RECORDED DATA:
----------

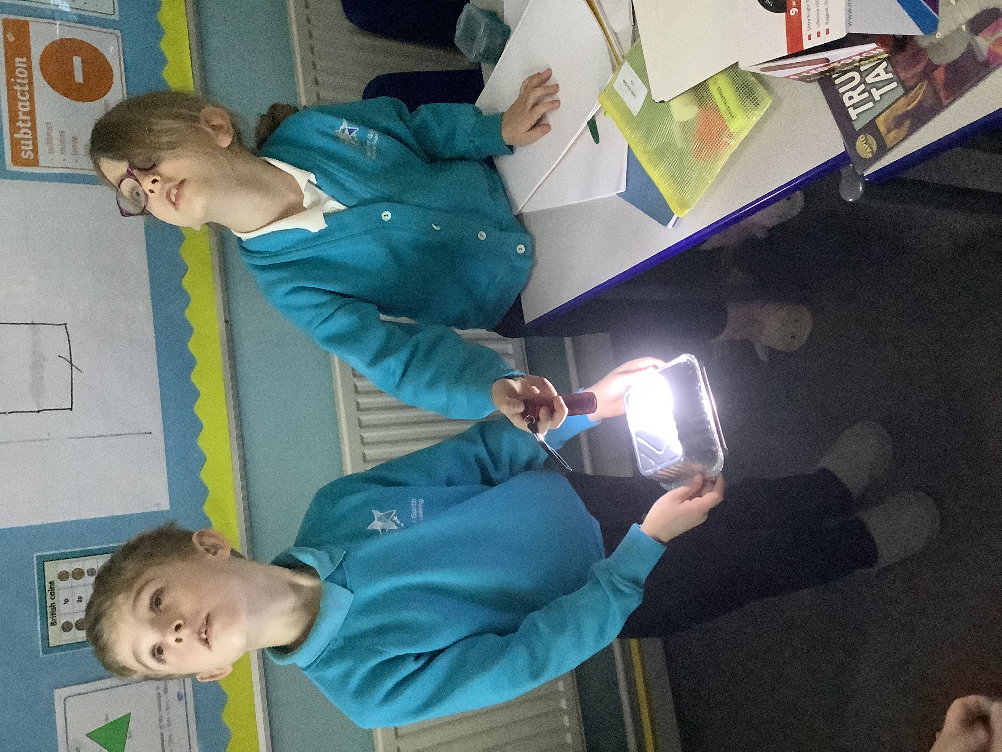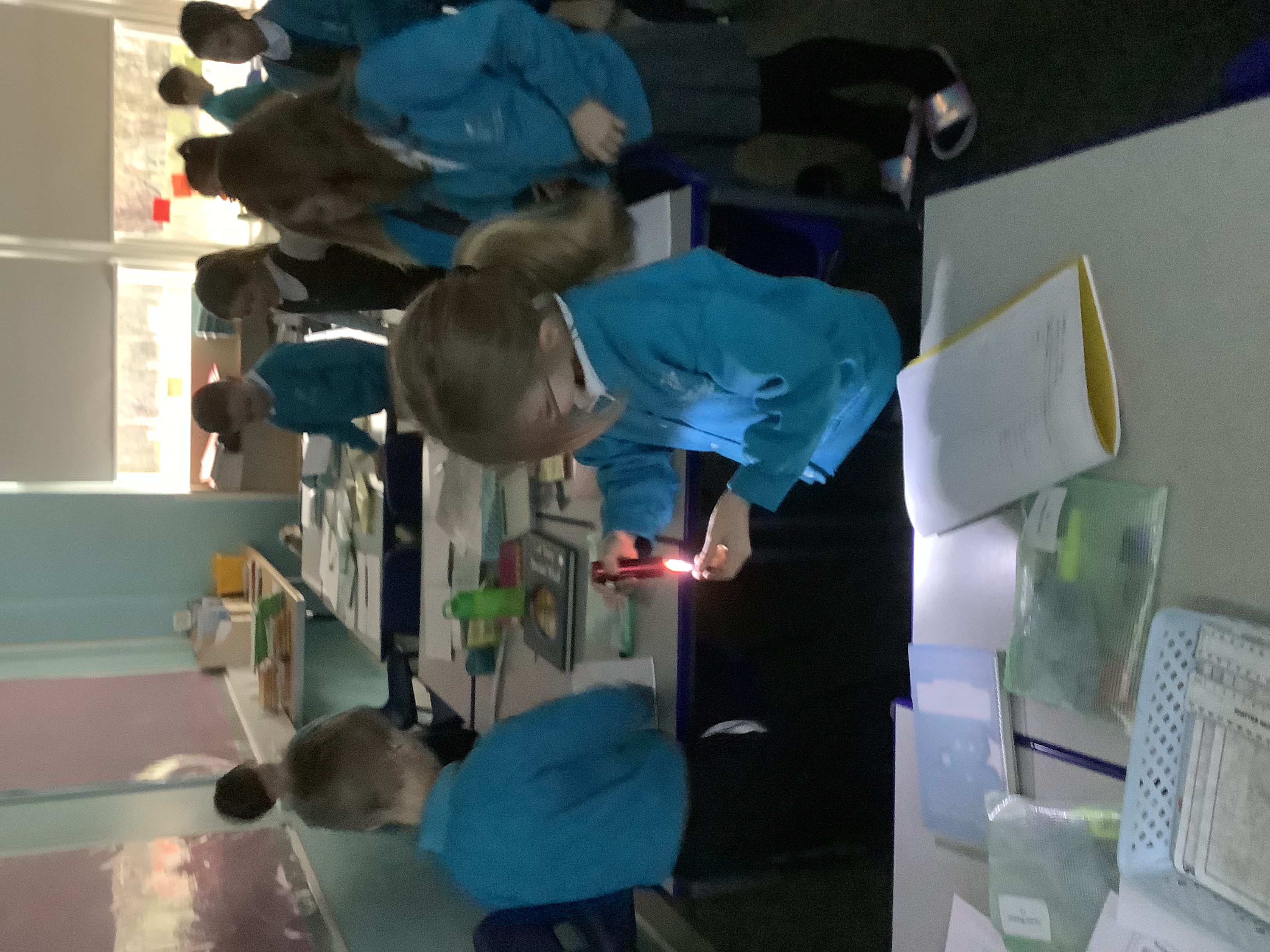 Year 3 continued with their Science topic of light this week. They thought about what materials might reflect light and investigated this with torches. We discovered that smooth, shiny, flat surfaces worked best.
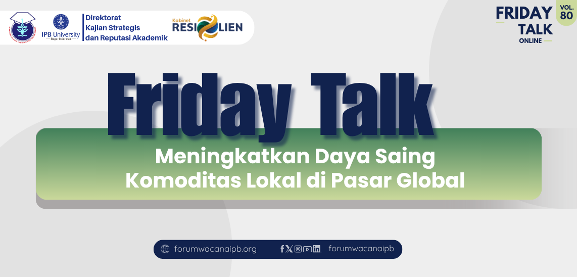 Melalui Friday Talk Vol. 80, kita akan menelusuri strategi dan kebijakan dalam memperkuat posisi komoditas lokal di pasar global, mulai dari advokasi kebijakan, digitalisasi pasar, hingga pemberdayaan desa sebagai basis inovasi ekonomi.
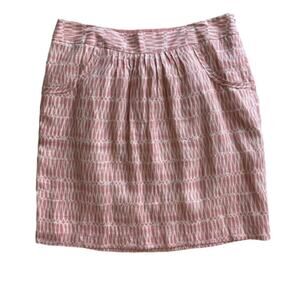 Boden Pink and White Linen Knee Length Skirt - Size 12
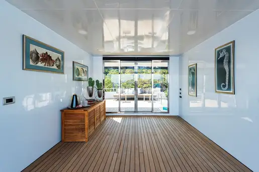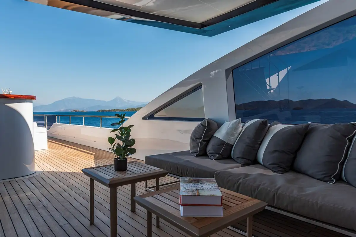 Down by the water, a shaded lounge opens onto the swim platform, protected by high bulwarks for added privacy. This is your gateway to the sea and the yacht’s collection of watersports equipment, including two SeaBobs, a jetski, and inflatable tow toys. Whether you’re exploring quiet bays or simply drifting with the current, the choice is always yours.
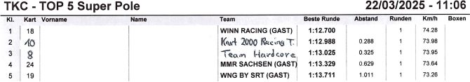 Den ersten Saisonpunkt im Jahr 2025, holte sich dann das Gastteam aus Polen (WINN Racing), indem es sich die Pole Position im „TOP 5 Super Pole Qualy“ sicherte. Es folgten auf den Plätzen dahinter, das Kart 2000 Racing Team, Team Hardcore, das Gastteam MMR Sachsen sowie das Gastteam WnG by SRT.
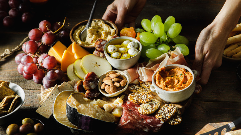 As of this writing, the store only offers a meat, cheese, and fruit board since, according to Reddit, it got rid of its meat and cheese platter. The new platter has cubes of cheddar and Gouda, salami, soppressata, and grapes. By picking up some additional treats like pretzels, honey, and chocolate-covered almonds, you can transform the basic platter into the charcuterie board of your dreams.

----------

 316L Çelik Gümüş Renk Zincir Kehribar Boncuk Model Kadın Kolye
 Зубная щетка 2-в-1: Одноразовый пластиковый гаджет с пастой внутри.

----------

YOUR TASK: Taking the material above, give again exactly the lines from the one holding "Year 3 continued" through the one holding "As of this writing, the", with both ends and without pictures.

WRITTEN RESPONSE:
 Year 3 continued with their Science topic of light this week. They thought about what materials might reflect light and investigated this with torches. We discovered that smooth, shiny, flat surfaces worked best.
 Melalui Friday Talk Vol. 80, kita akan menelusuri strategi dan kebijakan dalam memperkuat posisi komoditas lokal di pasar global, mulai dari advokasi kebijakan, digitalisasi pasar, hingga pemberdayaan desa sebagai basis inovasi ekonomi.
 Boden Pink and White Linen Knee Length Skirt - Size 12
 Down by the water, a shaded lounge opens onto the swim platform, protected by high bulwarks for added privacy. This is your gateway to the sea and the yacht’s collection of watersports equipment, including two SeaBobs, a jetski, and inflatable tow toys. Whether you’re exploring quiet bays or simply drifting with the current, the choice is always yours.
 Den ersten Saisonpunkt im Jahr 2025, holte sich dann das Gastteam aus Polen (WINN Racing), indem es sich die Pole Position im „TOP 5 Super Pole Qualy“ sicherte. Es folgten auf den Plätzen dahinter, das Kart 2000 Racing Team, Team Hardcore, das Gastteam MMR Sachsen sowie das Gastteam WnG by SRT.
 As of this writing, the store only offers a meat, cheese, and fruit board since, according to Reddit, it got rid of its meat and cheese platter. The new platter has cubes of cheddar and Gouda, salami, soppressata, and grapes. By picking up some additional treats like pretzels, honey, and chocolate-covered almonds, you can transform the basic platter into the charcuterie board of your dreams.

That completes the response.